Election of Board of Directors and auditors

Carl Bennet was re-elected Chairman of the Board of Directors, Johan Bygge, Rolf Ekedahl, Carola Lemne, Johan Malmquist, Margareta Norell Bergendal and Johan Stern were re-elected Board members.

Öhrlings PriceWaterhouseCoopers AB was elected as the Company’s auditor, with Magnus Willfors as principal auditor and Johan Rippe as co-auditor.

Fees to the Board of Directors and auditors

It was resolved that remuneration to the Board of Directors shall amount to a total of SEK 2,800,000, of which SEK 800,000 will be paid to the Chairman and SEK 400,000 each to the other Board members elected by the Meeting who are not employees of the Group. In addition hereto, the Meeting resolved that remuneration totalling SEK 475,000 will be paid for the work of the Audit Committee, of which SEK 175,000 to the Chairman and SEK 100,000 each to the other members, while a total of SEK 250,000 will be paid for the work of the Remuneration Committee, of which SEK 100,000 will be paid to the Chairman and SEK 75,000 each to the other members.

The auditor’s fee shall be payable in accordance with approved account.

Dividend

According to the proposal of the Board of Directors and the CEO, the Annual General Meeting resolved to declare a dividend of SEK 2.40 per share. Tuesday, 22 April 2008 was determined as record date for dividend.

The Board’s Proposal regarding Guidelines for Remuneration to Senior Executives

The Annual General Meeting approved the proposal of the Board regarding guidelines for remuneration to senior executives. The proposal principally implies the following. Remuneration and other terms and conditions of employment for senior executives shall be based on market conditions and be competitive in all markets where Getinge is active to ensure that competent and proficient employees can be attracted, motivated and retained. The total remuneration to senior executives shall comprise basic salary, variable remuneration, pensions and other benefits. The variable remuneration shall be restricted and based on predetermined targets. In addition to variable remuneration, approved share or share-related incentive programs may occasionally be instituted. The Board shall retain the right to deviate from the guidelines if motivated by particular reasons on an individual basis.

Call Option Program

The Annual General Meeting approved the proposal of the Board regarding a call option program for 2008, which means that the company shall issue and distribute not more than 625,000 call options to certain senior executives in Sweden and Germany. The call options shall be acquired at market rate (premium) amounting to 10 % of the average of the last closing rate of Getinge’s series B share over ten trading days beginning 23 April 2008. The price per share to be paid by the option holders to acquire a share when exercising a call option (exercise price) shall correspond to the market price that results from the established premium and calculation in accordance with the customary valuation model (Black & Scholes).

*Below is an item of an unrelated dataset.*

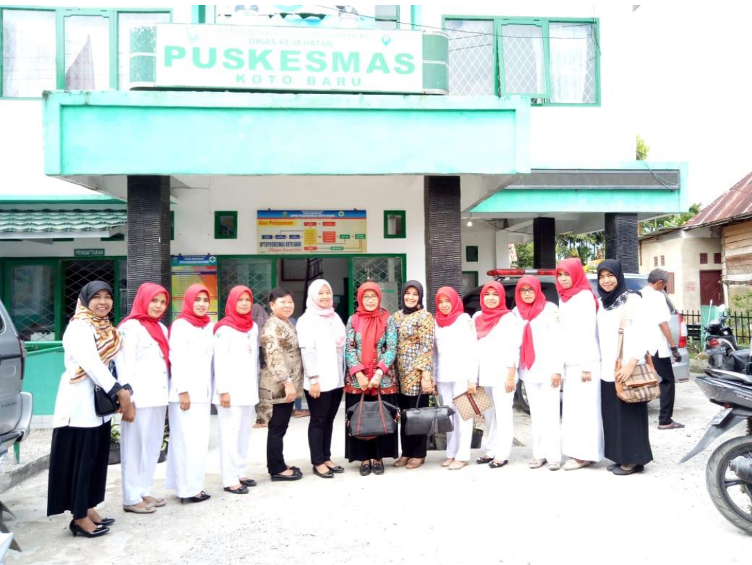
Selesai acara lomba Puskesmas Dalam Pelayanan MKJP Tingkat Provinsi di Klinik PKM koto Baru Kecamatan Koto Baru Kota Sungai Penuh tahun 2018

The provision of shares in accordance with the call option program is guaranteed by the principal shareholder Carl Bennet AB. As remuneration for this guarantee Carl Bennet AB will receive an amount that corresponds to the premium that Getinge receives from the option holders. The call options carry entitlement to acquisition of existing shares and, accordingly, do not result in dilution for the company’s shareholders.

The Board is considering encouraging participation in the incentive program through the promise of a cash bonus to be paid a month prior to the maturity of the options. The bonus will only be paid provided that the participant remains an employee of Getinge Group. The cash bonus can amount to a maximum of 50 % of the paid premium.

Approval of Management Buy-Out

According to the proposal of the Board of Directors, the Annual General Meeting resolved to approve the transfer of all shares in Renray Healthcare Limited from Huntleigh Renray Limited, an indirectly wholly owned subsidiary, to Renray Holdings Limited. The Buyer is owned by Graham Silman, Jacqueline Dearden and Jannson Cartman, who are managers in Renray Healthcare Limited. The transaction was effected as of 15 January 2008 and the compensation amounted to ₤ 1.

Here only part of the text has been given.